My layout is DCC with 3 reverse loops and several power districts... So I have to use insulated joints on BOTH rails many times - and in my case, most MUST be on a curve. I'm not trying to toot my own horn or anything, but this method absolutely works fine without having to try and rejigger your entire layout to only have "gaps" on straightaways (and on a 12' x 12' L-shaped layout like mine, it would be extremely limiting to do so anyhow).
 

Hunkiedoo

New Member
Hunkiedoo

Here's another idea that has worked for me.
Carefully slide the tie strip off the end of the flex track. This takes a while! I cut the 3' strip of flex track ties into 3 or 4 sections to make the removal job easier.

Take one of the now loose rails and, holding it sideways, slide it over the corner of a bench or table in one smooth motion. (A tiny razor-saw slot cut in the corner of the bench will hold the base of the rail as you slide it and keep the rail from twisting). With each slide you will see a permanent curve in the rail.

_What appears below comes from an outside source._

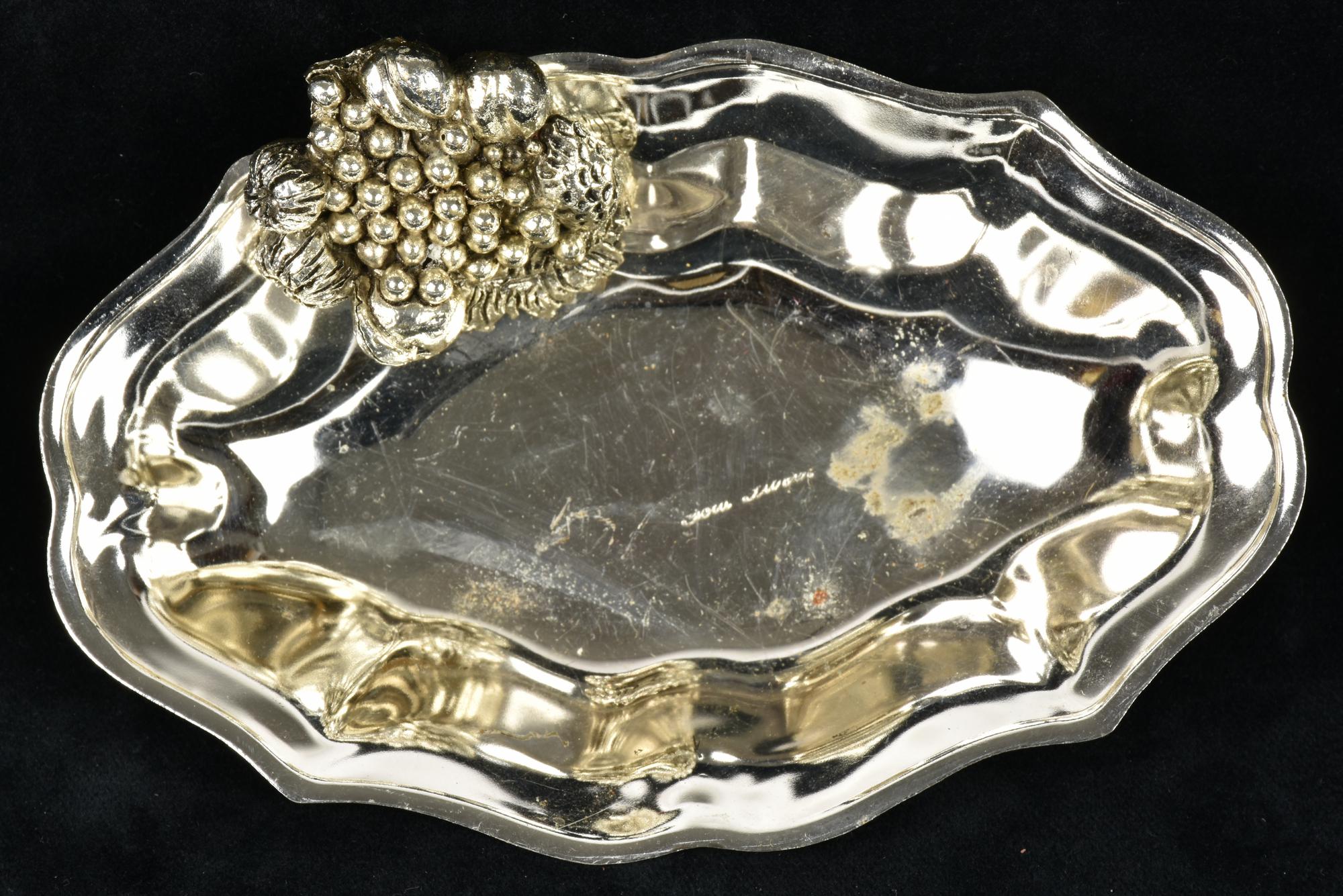 SVUOTATASCHE in metallo argentato con decorazione a forma di cesto di frutta...
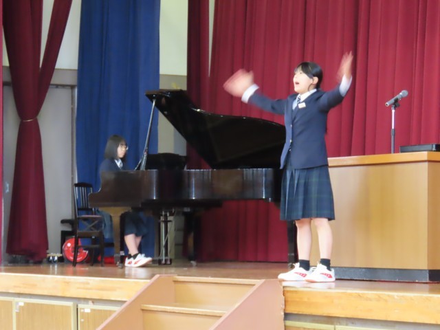 始業式では、校歌の指揮伴奏が2年生にバトンタッチです。

Don't try to get the desired curve radius all at once! Slide the rail many times, each time a little firmer.

From time to time place the curved rail on your roadbed to see if it is curved enough. Put in a little more curvature than you need.

Carefully re-insert each now-curved rail onto the tie strip. Riight! This is like slipping socks on a centipede!. Takes a LOT of patience. Filing a bevel on the end of the rail web & base helps.

Spike your curved flex track in place. Place a few track spikes on the convex side of the rail at the site of the required gap.

Dremel-cut a rail gap. Rail stays put, really. I have tried this with Shinohara code 70 and Peco code 75. Good luck!
 

dhutch

Member
so your basicly saying, remove the rails from the sleeper, bend it, and then put it back again?

- might work, not sure about for code 55 N tho?

daniel
 

jetrock

Member
It should work for any size of track--there are even "benders" out there to curve track specifically in that fashion (there is one for use with Richard Orr girder rail, and there was a bending tool that came with the old Eheim 50's trolley-bus kit to bend the wire used for trolley bus overhead) or you could easily build a jig out of wood and a few bolts to bend rail to specific dimensions.

I used this technique over the past weekend to make a guardrail on a tight (12" in HO) curve--I just slipped the rail out of the ties (sleepers), ran it against the edge of a bolted-down block of wood to impart a mild curve, and repeated until I had an approximately 12" radius curved piece of rail. Some "Liquid Nails" glue along the base of the rail held it firmly in place.